An election cannot be challenged in a writ petition under Article 226 but only by way of an election petition

The Supreme Court in the matter of Gulabrao Ananda Patil vs. State of Maharashtra in Civil Appeal No. 1623 OF 2020 (Arising out of SLP (Civil) NO. 20814 OF 2019) decided on 14.02.2020 held that the only remedy available against any wrong done during the process of election is by way of an election petition after the election is over.
Facts
The appellant was disqualified from contesting elections for a period of five years in the year 2014 after he failed to furnish his election expenditure within a period of 30 days following the declaration of the Panchayat Samiti Elections. In the year 2017, the appellant submitted his nomination for the post of Sarpanch in the Gram Panchayat elections. The said nomination was objected to by another candidate Shri Pradip Nimba Patil however, the Returning Officer dismissed the objection on the ground that the disqualification was applicable only for election of Zila Parishads and Panchayat Samiti and not Gram Panchayat. Several writ petitions were filed before the Bombay High Court challenging the said order of the Returning Officer and seeking setting aside of the election of the appellant who was declared as the returned candidate. While the other reliefs were not granted, the Bombay High Court was pleased to set aside the order of the Returning Officer whereby he rejected the objections raised to the nomination of the appellant.
Issue
Whether a writ petition under Article 226 of the Constitution is an appropriate remedy to challenge an election
Ratio
The Apex Court relied on the judgement reported as N. P. Punnuswami v. The Returning Officer and reiterated that the only remedy provided was by way of election petition to be presented after the election was over and even the High Court had no jurisdiction under Article 226 of the Constitution of India during the intermediate period. It was held that the ground of rejection of nomination paper cannot be urged in any other manner, at any other stage and before any other court. It further held that under the election law, the rejection of a nomination paper can be used as a ground to call election in question before the Authority prescribed by law in terms of Article 329 of the Constitution of India.
The Apex Court further examined the provisions relevant to an election of Gram Panchayat and observed that Article 243-O of the Constitution of India provides that no election to any panchayats shall be called in question except by an election petition presented to such authority and in such manner as provided for by or under any law made under the legislature of the State.
The Apex Court reiterated the law by revisiting the judgements in Mohinder Singh Gill & Anr. v.
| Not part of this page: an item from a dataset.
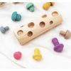 Tronco de árbol para que los más pequeS puedan plantar y recolectar sus propias setas. Cada seta es de un color y medida. ¿Qué trabajamos con él? la orientación espacial, la motricidad, el reconocimiento visual y la coordinación ojo-mano.

The Chief Election Commissioner, New Delhi & Ors. where it was held that Article 329 of the Constitution of India starts with a non obstante clause that notwithstanding contained in this Constitution, no election to either house shall be called in question except by an election petition. Therefore, Article 226 of the Constitution of India stands pushed out where the dispute takes the form of calling in question an election. It was held that there is a remedy for every wrong done during the election in progress although it is postponed to the post-election stage. The Election Tribunal has powers to give relief to an aggrieved candidate.
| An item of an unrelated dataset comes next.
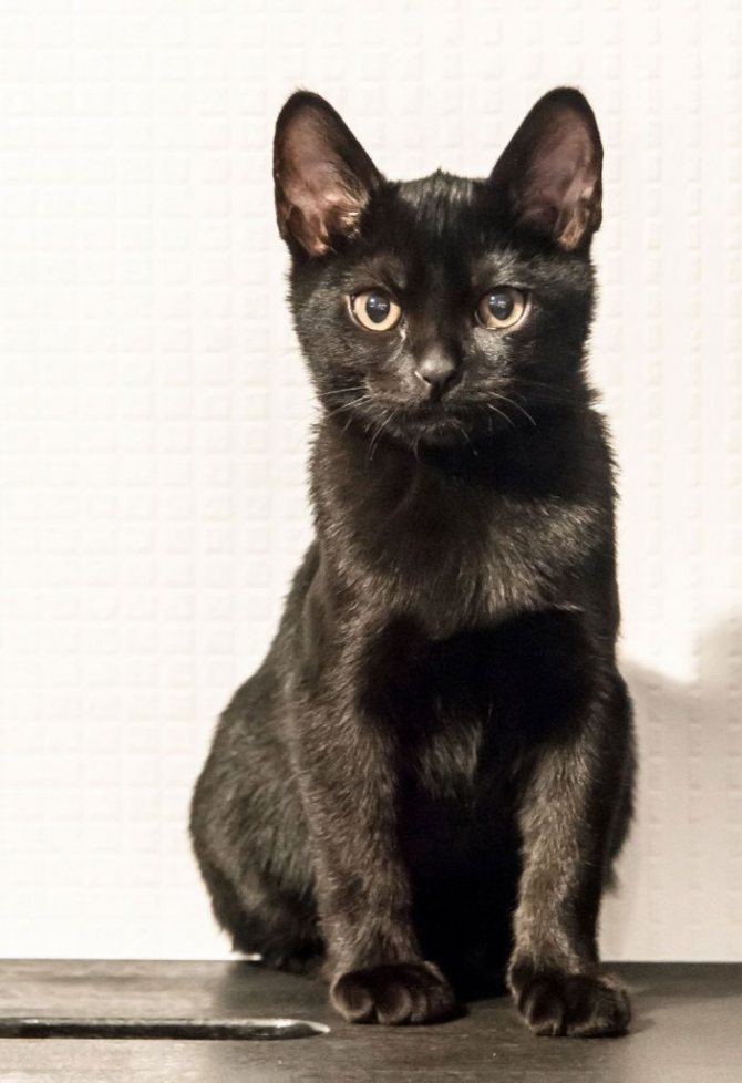 - Шерсть бомбейской кошки – это ее достояние и визитная карточка. Первое, что бросается в глаза при виде бомбейской кошки, блестящий с отливом угольно-черный окрас шерсти. Иногда даже кажется, что хозяева специально нанесли на кошку специальные средства для усиления блеска и лоска. Стандарты определяют цвет ровный без малейших вкраплений, подпалин другого оттенка.Шерсть по длине короткая, плотная, без подшерстка. Каждая шерстинка идеально выкрашена в черный цвет по всей длине. Котята же могут иметь пятнышки на теле, но при оценке экстерьера будут проигрывать идеально черным котятам. К тому же шерсть у малышей очень мягкая и легкая, слегка удлиненная. Но к году после линьки все стандарты восстанавливаются.

Therefore, the Apex Court held that in view of an efficacious alternative remedy available and explicit restraint in terms of Article 243-O of the Constitution of India, the recourse to writ jurisdiction is not an appropriate remedy. The Court further cautioned the High Courts not to interfere in the election matters, especially after declaration of the results of the elections but relegate the parties to the remedy contemplated by the statute.